What I did find out is that only 3% of male birds have penises (I know ducks have them). That leaves 97% of them having to be sexed by other characteristics like color. I can look at an adult cardinal and tell if it’s male or female just by the color. I can look at the downy woodpecker and tell the sex by a red patch or lack of red patch on its head. Then there’s some species like the Jenday Conure where they don’t have a penis and the males and females look exactly alike. Weird.
A friend of mine has a cockatiel and when bringing it to the vet, she said it was a female immediately. Asking how she knew, she said that she didn’t know but the male cockatiel that was nearby knew and by the way he was acting, his bird must have been female.
I suppose if I waited a couple years, I could have deduced my was male by myself. Like a male dog, he occasionally humps my arm or leg grabbing on with his sharp claws – it actually hurts when he does this and I have to stop him from doing it or I will get scratched. I doubt a female would act this way.
@callow@cengland0 Birds are not like most pets for a number of reasons not the least of which being how long they live and the commitment required to own such a pet. I’ve always taken a common sense approached to dealing with Walter. If I was a bird what would I like both with regard to food (subject to stuff that is bad for him) and keeping him cooped up in cage (nobody would like that).
We had to have a DNA test on Walter to verify his sex, but most people looking at him figured he was a male due to his size.
Here is mine eating corn. He likes the corn that has been dried out so it’s very hard and crunchy. Tried to give him fresh corn and he doesn’t like it at all. He always uses his claws to hold the food while eating it.
@cengland0 That is the way they took blood from another bird I had, but since the vet uses a dremmel on his claws and beak-no clipping or cutting-only on the wings.
Its been a year since Walter’s wings were last trimmed so if he wanted to he could fly everywhere in the house he wanted to get which he does about twice a week. He prefers to walk-that is why we don’t think he is a bird.
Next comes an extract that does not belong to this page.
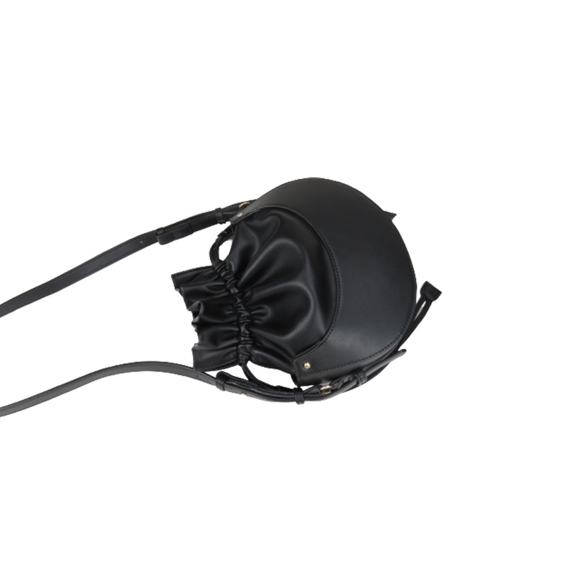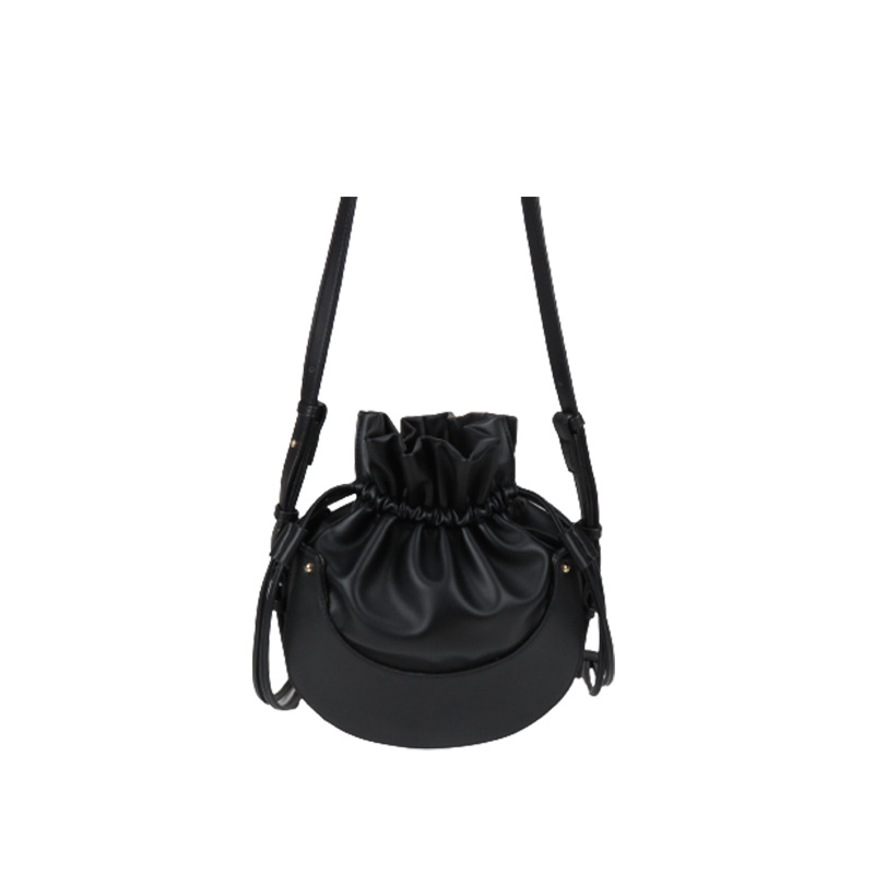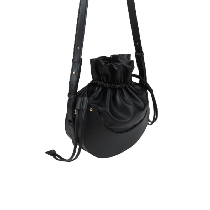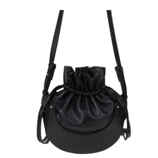 丸みを帯びた底部分が特徴的な巾着タイプのショルダーバッグです。 柔らかな合成皮革素材を使用し、開口部は紐で絞るデザインになっています。 調節可能なショルダーストラップ付きで、斜め掛けや肩掛けなど好みのスタイルでお使いいただけます。 コンパクトながらも必需品はしっかり収納でき、カジュアルからきれいめスタイルまで幅広いコーディネートに対応します。 軽量で持ち運びやすく、日常使いに最適な一品です。

First ten years we were down in FL, we took him to the pet store to get his wings clipped and when the pet store closed up figured we would take him to the vet to get it done and of course they wanted to do a wellness ck on a new patient. Asked me a number of questions and checked him over and said to keep doing what ever I had been doing-he was in perfect health. Figured he had earned a yearly wellness ck at his age and have had one done for about the past 8 years.
Only medical issues he had were both scary and had to rush him to the vet both times as he was bleeding-once from an artery in his beak and the other time from a broken blood feather.
@Felton10 blood feather? I didn’t think any of the feathers had a blood supply. Where are these blood feathers located?
A friend of mine had his cockatiel hit the ceiling fan and broke off her beak. The vet just super glued it back on and she’s been fine with that repair for at least 10 years that I know of. Not sure if her beak was bleeding or not because I didn’t witness the event.
It was in his tail-thought he was bleeding from his rear originally until they found the source was the feather and cauterized it. Did same thing to his beak where he bangs on things with his beak to kind of get a feel for what the things are?
Sis had a giant macaw for close to 20 years. Her hated everybody.
If he saw you with a banana he would scream until you shared with him. When he’d eaten his fill he’d spend the next two hours grooming his beak and rubbing it on his perch.
And yes, the powder is the same styptic that is in the shaving pencil to stop a shaving cut from bleeding. I had to trim his claws to keep them from curling all the war around. Doing little clips every couple of weeks we were finally able to get them to a reasonable and usable length. Just in case I clipped too short I made sis buy a bottle of the powder. Found out later that in a pinch you can use regular flour to stop them bleeding.